In 2021 he left Brabrand IF for professional football. After a short intermezzo as parttimer in Skive IK he gained a full time contract in Vendsyssel FF. Anton Søjberg played in Vendsyssel FF for two years, and was then offered a new contract. He turned the offer down, and moved to Iceland to play for HK Kópavogur. After a few months in Iceland it became clear to him, that the club could not match his ambitions, and he decided to use a clause in his contract to have it terminated.

A short time before the transfer deadline Anton Søjberg moved to B36 Tórshavn, who is a regular participant in European club competitions. He had a convincing debut by scoring both goals in the match against KÍ Klaksvik, who have been champions for the last two seasons, and also participated in the 2023 group stage in UEFA Europa Conference League.
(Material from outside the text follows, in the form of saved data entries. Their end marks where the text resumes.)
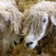 Zwei schöne Cotswold Schafe fotografierten in einem lustigen und humorvollen Moment, in dem sie miteinander sprachen. Cotswold Schafe stammen aus den Cotswolds in England und werden für ihre Wolle und Fleisch gezüchtet. Sie haben lange Fleecen mit fast goldener Note.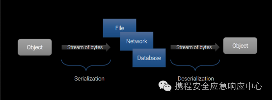 反序列化 (Serialization)将对象的状态信息转换为可以存储或传输的形式的过程。在序列化期间,对象将其当前状态写入到临时或持久性存储区。以后,可以通过从存储区中读取或反序列化对象的状态,重新创建该对象。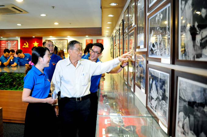 Nhà báo Nguyễn Thanh Bền cùng đoàn viên, thanh niên tham quan những hình ảnh chiến trường xưa của phóng viên TTXGP được trưng bày tại phòng truyền thống Cơ quan TTXVN khu vực phía Nam. Ảnh: An Hiếu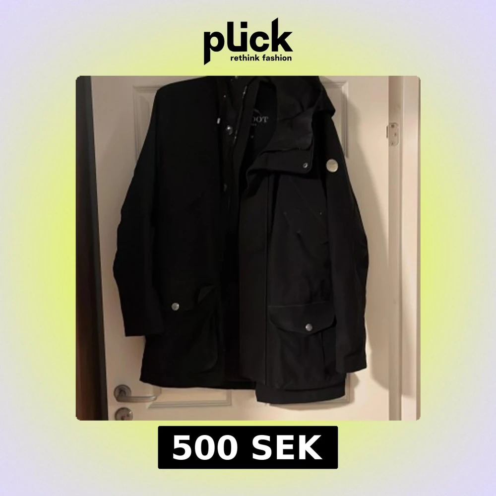 Snygg svart jacka från Snoot med huva och praktiska fickor. Jackan har en stilren design med knappar och dragkedja framtill. Perfekt för kyligare dagar.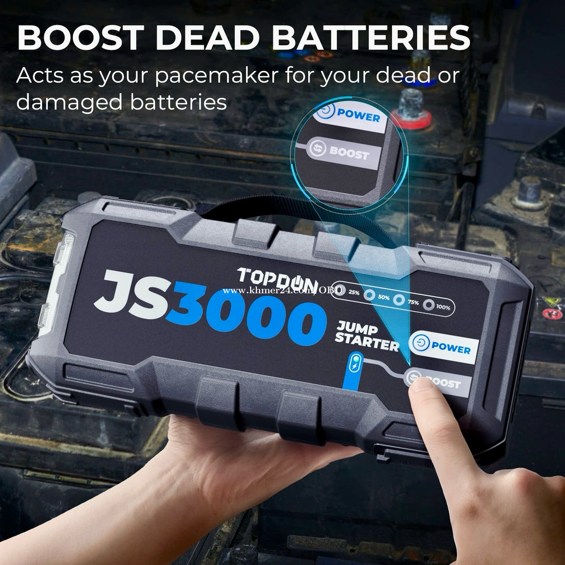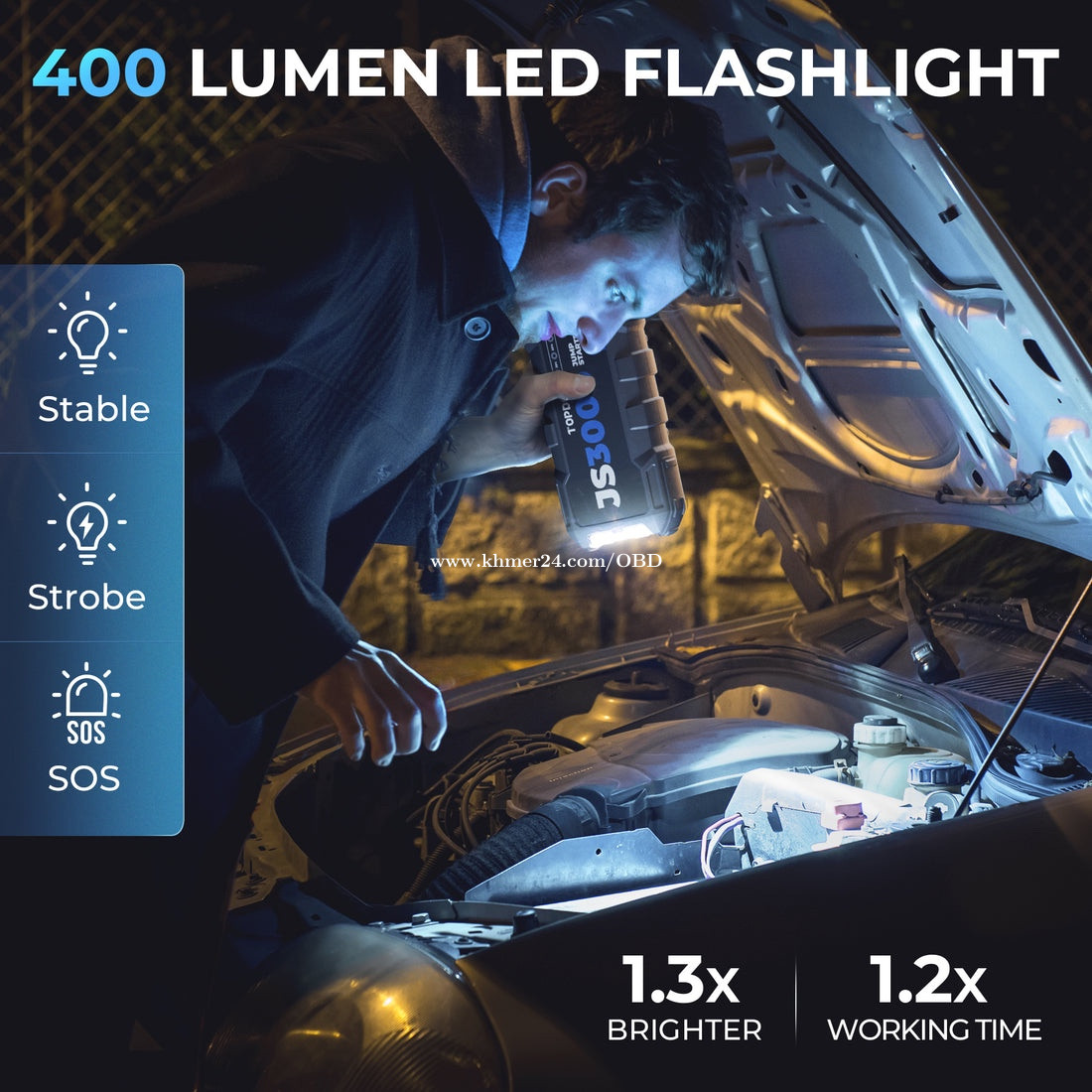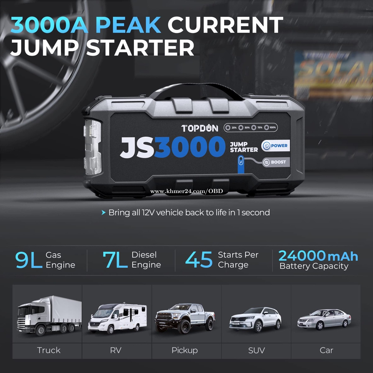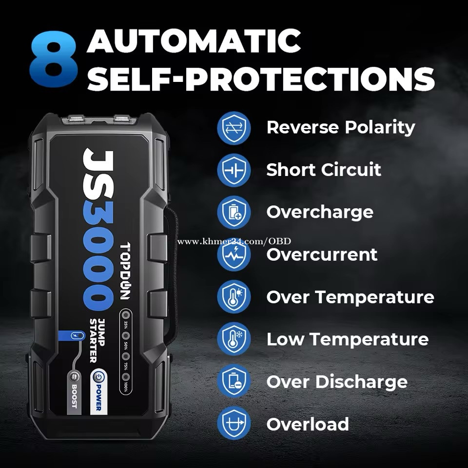 Easy to use with Petrol and Diesel car, for engine V6 and V8 , No problem. This is new model JS3000 for jump start with special function “ Boost” when car’s battery voltage too low.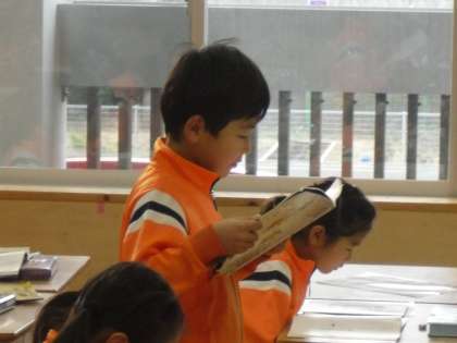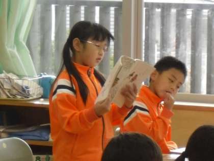 「とべとべ回れ」をみんなで読みながら、作り方の順序をわかりやすく表現する方法を学んでいます。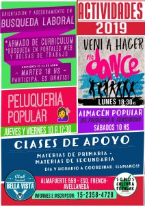 Fit dance, peluquería popular y clases de apoyo para primaria y secundaria, son algunas de las actividades que ofrece el club. Además, brindarán orientación y asesoramiento en búsqueda laboral y todos los sábados funcionará el almacén popular que permite a los vecinos y vecinas del barrio comprar distintos productos a un bajo precio.
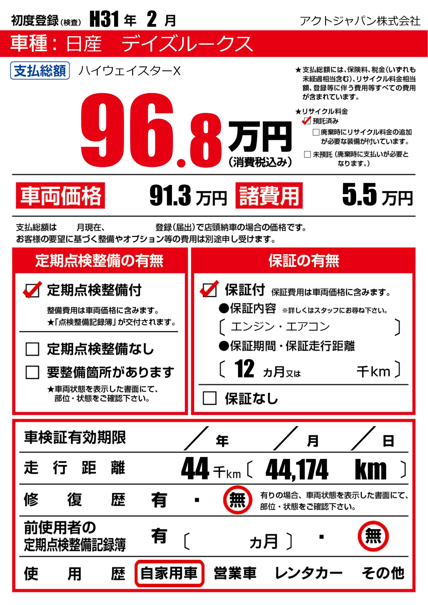 | 車名 | 日産 デイズルークス | グレード ミッション 排気量 |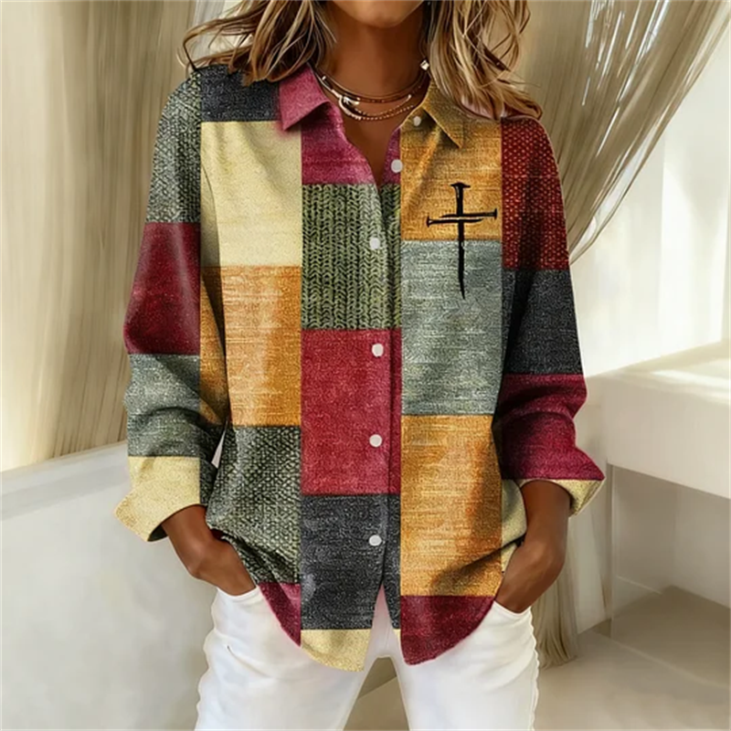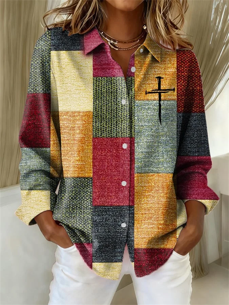 Women's Casual Autumn And Winter Retro Color Block Contrast Faith Shirt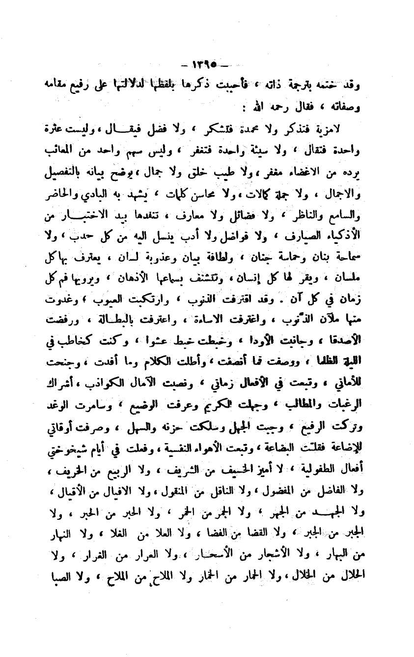 لا مزية فتذكر ولا محمدة فتشكر، ولا فضل فيقال، وليست عثرة واحدة فتقال، ولا سيئة واحدة فتغفر، وليس سهم واحد من المعائب يرده من الإغضاء مغفر، ولا طيب خلق ولا جمال، يوضح بيانه بالتفصيل والإجمال، ولا جملة كمالات، ولا محاسن كلمات، يشهد به البادي والحاضر والسامع والناظر، ولا فضائل ولا معارف، تنقدها بيد الإختبار من الأذكياء الصيارف، ولا فواضل ولا أدب ينسل إليه من كل حدب، ولا سماحة بنان وحماسة جنان، ولطافة بيان وعذوبة لسان، يعترف بها كل ماسان، ويقر لها كل إنسان، وتتشنف بسماعها الأذهان، ويرويها فم كل زمان في كل آن. وقد اقترفت الذنوب، وارتكبت العيوب، وغدوت منها ملآن الذنوب، واغترفت الإساءة، واغترفت بالبطالة ورفضت الأصدقا، وجانبت الأودا، وخبطت خبط عشوا، وكنت كخاطب في الليلة الظلما، ووصفت فما أنصفت، وأطلت الكلام وما أفدت، وجنحت للأماني، وتبعت في الأفعال زماني، ونصبت الآمال الكواذب، أشراك الرغبات والمطالب، وجهلت الكريم وعرفت الوضيع، وسامرت الوغد وتركت الرفيع، وجبت الجهل وسلكت حزنه والسهل، وصرفت أوقاتي للإضاعة فقلت البضاعة، وتبعت الأهواء النفسية، وفعلت في أيام شيخوختي أفعال الطفولية، لا أميز الخسيف من الشريف، ولا الربيع من الخريف، ولا الفاضل من المفضول، ولا الناقل من المنقول، ولا الأفيال من الأقيال، ولا الجهد من الجهر، ولا الجمر من الخمر، ولا الحبر من الحبر، ولا الجبر من الجبر، ولا القضا من الفضا، ولا العلا من الغلا، ولا النهار من البهار، ولا الأشجار من الأسحار، ولا العرار من الغرار، ولا الحلال من الخلال، ولا الحمار من الخمار ولا الملاح من الملاح، ولا الصبا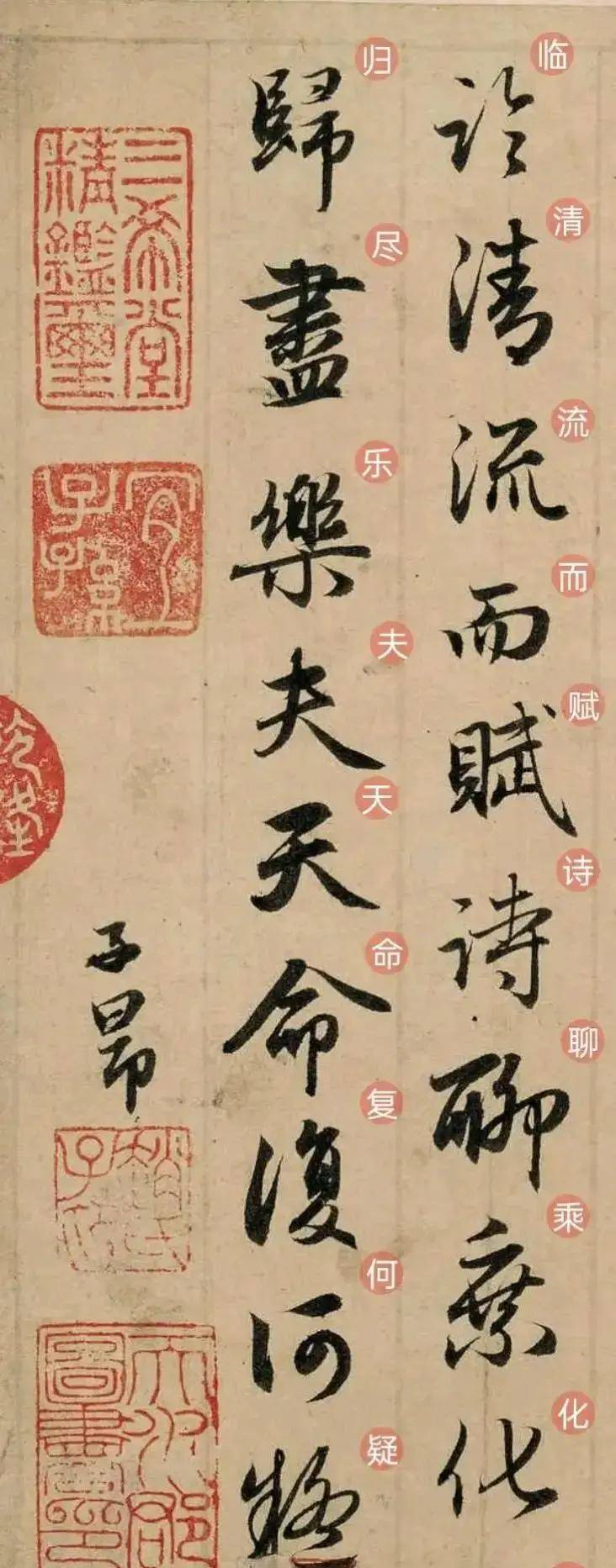 再看“木欣欣以向荣”的“木”,竖画挺得像树干,横画舒展似枝条,撇画尖尖的,像新叶冒出来。既不是刻意讨好眼睛的漂亮,而是笔墨里透出陶渊明“见南山”的惊喜,又带着赵孟頫“写爽了”的通透畅快。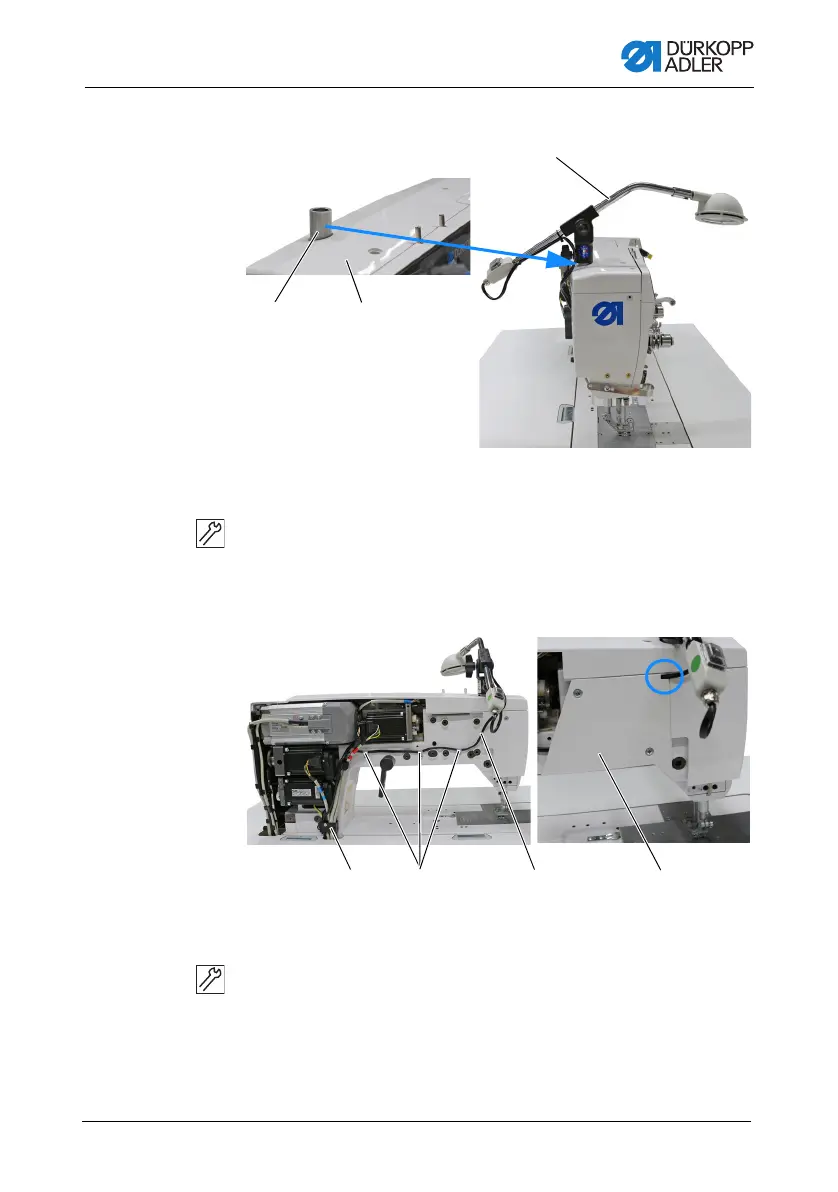 8. Lay the cable (8) inside the machine arm using the clips (7).

On 30 December 2024, Monterey Bay FC in the American USL Championship announced they had signed Søjberg to a one-year contract. Søjberg departed the club following the 2025 season after his contract option was not activated.

On 17 February 2026, East Bengal FC of the Indian Super League announced the signing of Søjberg.

On 27 August 2026, Søjberg completed a transfer to Southeast Asia, officially signing with Indonesian top-flight side Bhayangkara Presisi ahead of the 2026–27 Super League campaign.